And now that the corn was secure and the stackyard full, the deer came down from the hills and lay close to till nightfall, and then wrought havoc in the turnip-drills, and I noticed that, like cows in a field of grain, they spoiled more crop than they ate, both of potatoes and turnips; and, indeed, it angered a man to see his good root-crops haggled and thrawn with the thin-flanked beasts, like the lean cattle, and I thought to go round the hill dyke with the dogs on an October evening, and harry them back to their heather and bracken again.
It was early in the evening, so I took my stick and daunered to the hay-shed (which was next to the planting) behind the stackyard, for I liked the noise of the wood, and would lie on the hay and listen to the scurry of the rabbits, the rippling note of the cushats in the tree-tops, and watch for the coming of the white owls that flitted among the trees. And as I lay on the sweet-smelling clovery hay there came over me a drowsiness, for I had been early abroad, and I dovered and dovered till sleep and waking were mingled, and strange voices came into my ears; and then I knew the voices, and felt myself go hot all over, for I could not move or I would be discovered with the rustling of the hay.

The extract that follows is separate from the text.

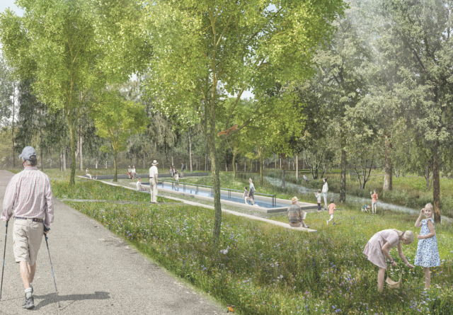 Die Vernetzung des neuen Parks mit dem angrenzenden Stadtraum erfolgt eher zurückhaltend über kleinere Aufweitungen und Infotafeln. Die Wegeführung innerhalb des Waldparks ist differenziert über Wege und Pfade, erscheint aber in sich, vor allem im Übergang zum Sportpark, nicht überall schlüssig.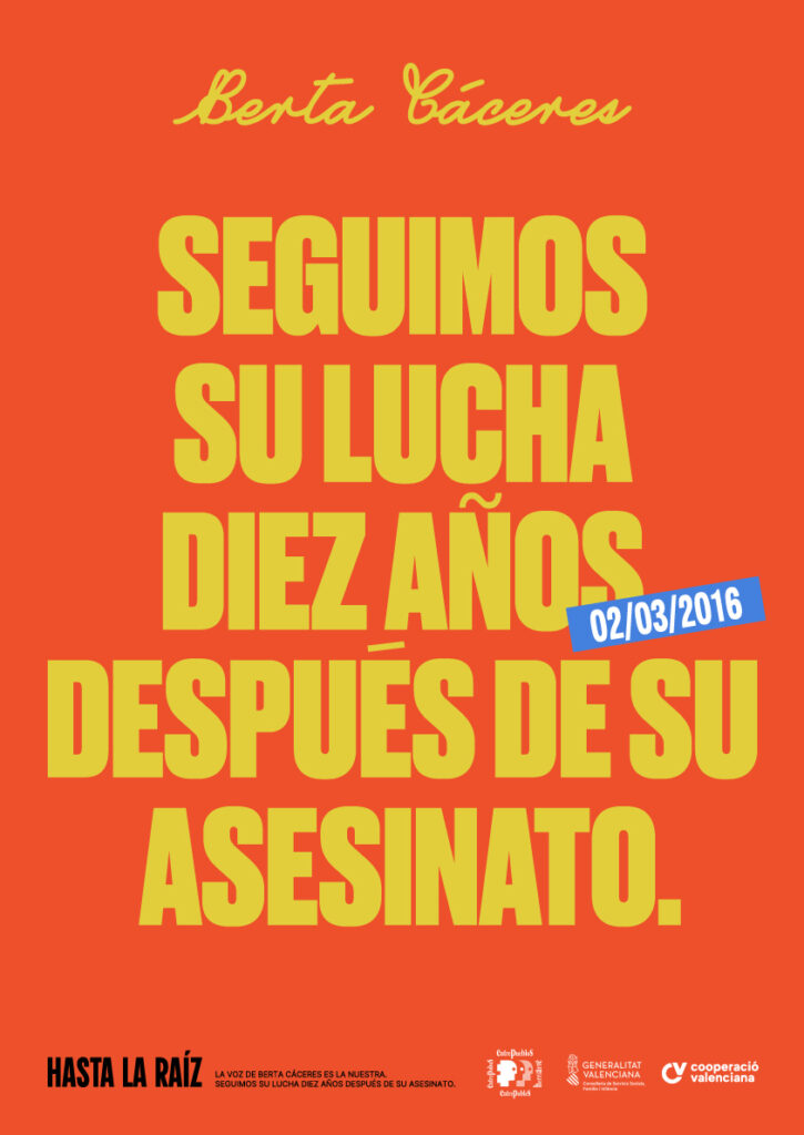 Bajo el claim “Hasta la raíz”, la campaña comienza con la historia de Berta y se extiende para visibilizar otros cuatro casos emblemáticos de luchas sociales amenazadas por el extractivismo, los desastres medioambientales, la criminalización y la violencia contra defensoras. Su objetivo es exigir responsabilidad judicial y política y romper los ciclos de impunidad que atraviesan estas luchas. Cada uno añadirá una capa a la misma pregunta: quién asume las responsabilidades, cómo cuidamos lo común, qué hacemos hoy con la semilla que dejaron quienes pagaron con su vida el atrevimiento de defender el agua, la tierra y los cuerpos.

"I have waited long for ye, my bonny dark lass, waited when I was shivering to take ye in my arms," and I could see Dan lean forward and look into Belle's black eyes, one great arm round her shoulders and his hand below her chin, and she was bonny, bonny in the blink o' the moon.
"Ye were a good lad," says she, smiling up at him; "it whiles made me angry ye would be so good, and I would be lying at night thinking ye had forgotten the gipsy lass, and would be assourying[1] wi' red-cheeked, long-legged farmer lassies; and then ye would be coming to my window and knocking, and I was glad, and listened and listened for ye to be coming, although ye would not be knowing from me at all, and I would be cold, cold to ye. . . ."
"My dear, it's news to me," cried he, in great wonder, "for never a knock did I knock," and his eyes were laughing down at her.
"What!" she cries; "what! And who would be daring?"
"That's just what I cannot say, for the lads think ye're no' canny some way, but maistly because the weemen hiv them under their thumbs, so I'm thinkin' it must just have been Hamish."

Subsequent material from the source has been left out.